- Born: Leslie John Edgley October 14, 1912 London, England, U.K.
- Died: March 12, 2002 (aged 89)
- Occupations: Novelist, radio dramatist, screenwriter
- Spouse: Mary Anna Gustaitis
- Children: 3
- Writing career
- Pen name: Robert Bloomfield, Michael Gillian, Brook Hastings
- Genre: Mystery
- Notable work: Perry Mason

= Leslie Edgley =

American novelist (1912–2002)

Leslie John Edgley (October 14, 1912 – August 9, 2002) was an English-born American mystery fiction writer, radio dramatist screenwriter and playwright. Among the works for which he became known are the scripts for many episodes of Perry Mason, written as "Robert Bloomfield".

==Early life and career==
Edgley was born in London in 1912, but emigrated with his parents to Canada in 1918; four years later, they came to the United States, finally putting down roots in East Chicago, Indiana. Edgley spent his formative years in the Marktown district, graduating from Washington High School in 1930. In 1936, one year after marrying East Chicago native Mary Anna Gustaitis; Edgley attained United States citizenship. In 1944, the couple relocated to California.

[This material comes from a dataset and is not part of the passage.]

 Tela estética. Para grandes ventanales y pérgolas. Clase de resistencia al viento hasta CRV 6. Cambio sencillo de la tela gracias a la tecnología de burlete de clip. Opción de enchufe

Beginning his writing career in the 1940s, Edgley published work under his own name, but also started using the name "Robert Bloomfield" as a pen name on some of his work as early as 1947.

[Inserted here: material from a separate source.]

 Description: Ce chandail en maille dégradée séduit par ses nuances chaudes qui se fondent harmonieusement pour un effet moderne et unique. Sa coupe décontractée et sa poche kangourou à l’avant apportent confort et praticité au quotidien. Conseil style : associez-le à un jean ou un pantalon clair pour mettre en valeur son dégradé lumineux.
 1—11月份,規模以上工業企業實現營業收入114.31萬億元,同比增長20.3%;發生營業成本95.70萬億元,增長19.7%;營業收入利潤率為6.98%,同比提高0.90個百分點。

In 1952, Edgley was named as a former member of the Communist Party USA by Roy Huggins, in testimony before the House Un-American Activities Committee. From 1956 forward, in order to work around being on the Hollywood blacklist, all of Edgley's television work was credited to his already established alias of Robert Bloomfield.

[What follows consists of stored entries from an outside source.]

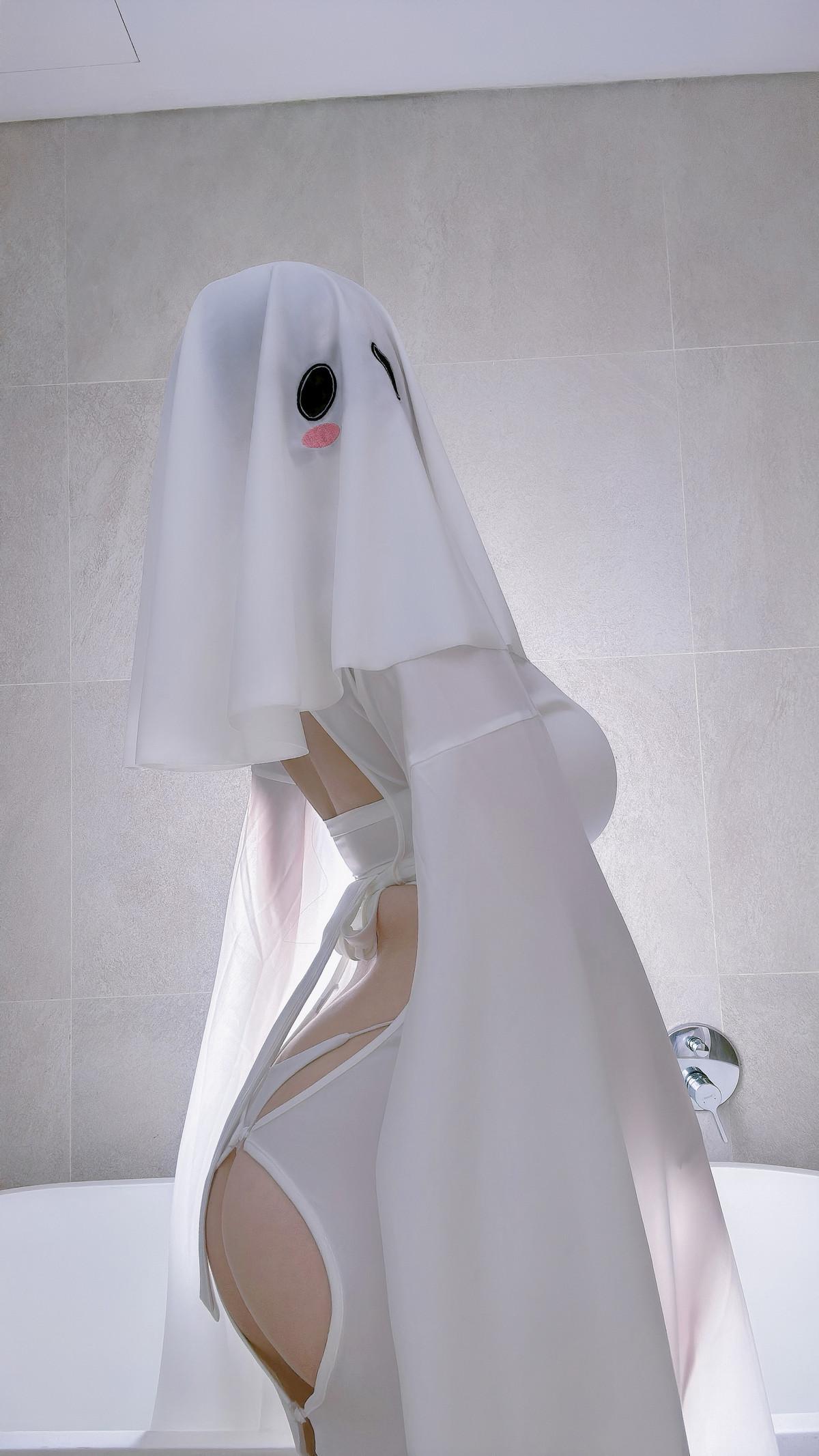 网络美女miko酱ww幽灵主题私房浴室性感白色露背连衣裙配白丝吊袜秀凹凸身材诱惑写真
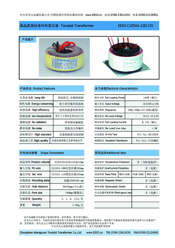 此變壓器采用進(jìn)口高磁通量低損耗硅鋼片加雙層絕緣高強(qiáng)度漆包線繞制而成,具有優(yōu)良的電氣特性。
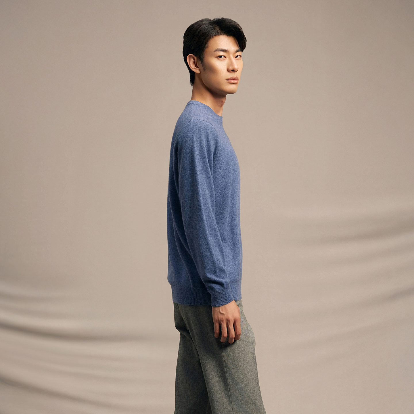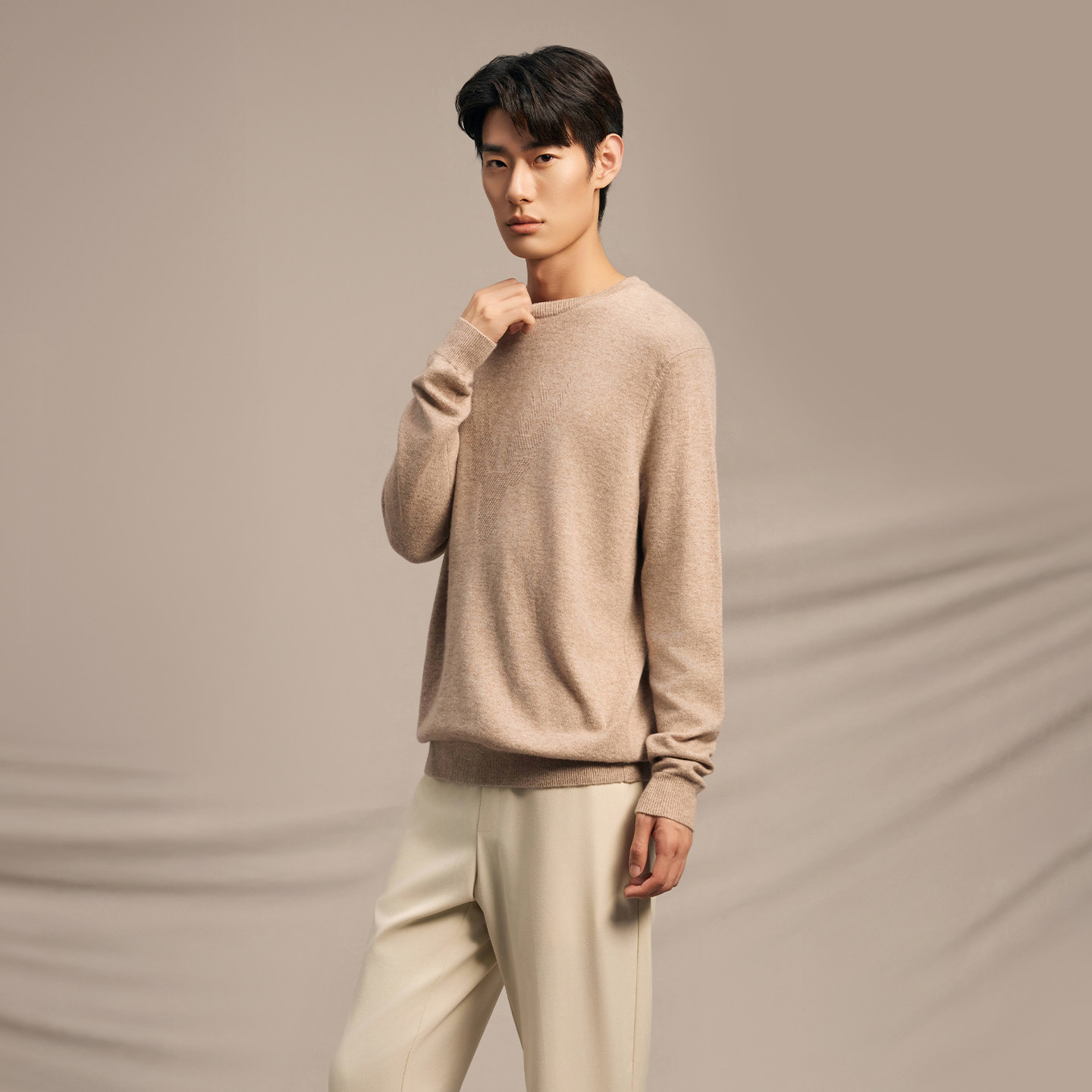 新品 鹿王100%山羊绒衫 保暖打底春季 毛衣内搭纯色时尚 男圆领针织衫

As Robert Bloomfield, Edgley had a prolific TV writing career between 1956 and 1968, writing episodes of Lassie, Climax!, Perry Mason, Bonanza, Rawhide, The Wild Wild West, and many other US TV series.

==Works==
===as Leslie Edgley===
- No Birds Sing, New York, Farrar & Rinehart, 1940, 328 pp.
- Fear No More, New York, Simon and Schuster, 1946, 202 pp.
  - Reprinted by Ace, 1953, bound dos-à-dos with Hal Braham (as Mel Colton), Never Kill A Cop
- False Face, New York, Simon and Schuster, 1946, 202 pp.
- The Angry Heart, Garden City, N.Y., Published for the Crime Club by Doubleday, 1947, 190 pp.
  - Reprinted as Tracked Down by Ace, 1954, bound tête-bêche with Martin L. Weiss, Death Hitches A Ride
- The Judas Goat, Garden City, N.Y., Published for the Crime Club by Doubleday, 1952, 190 pp.
  - Reprinted by Ace, 1953, bound tête-bêche with Theodore S. Drachman, Cry Plague! as the first Ace Double
- The Runaway Pigeon, Garden City, N.Y., Published for the Crime Club by Doubleday, 1953, 188 pp.
  - Also published as One Blonde Died, Lawrence E. Pivak, N.Y., 1953, Bestseller Mystery B171
  - Published in UK as Diamonds Spell Death, Arthur Barker, 1954, Museum Street Thriller series
- A Dirty Business, New York, G.P. Putnam's Sons, 1969, 182 pp.

===as Robert Bloomfield===
- Shadow of Guilt, New York, Doubleday, 1947
- From This Day Forward, New York, Doubleday, 1952
- Lust for Vengeance, New York, Doubleday, 1952, 189 pp.
- Russian Roulette, New York, Harcourt, 1955
- When Strangers Meet, New York, Doubleday, 1956
- Kill With Kindness, New York, Doubleday, 1962

===as Michael Gillian===
- Warrant for a Wanton, New York, Mill-William Morrow & Company, 1952, 246 pp.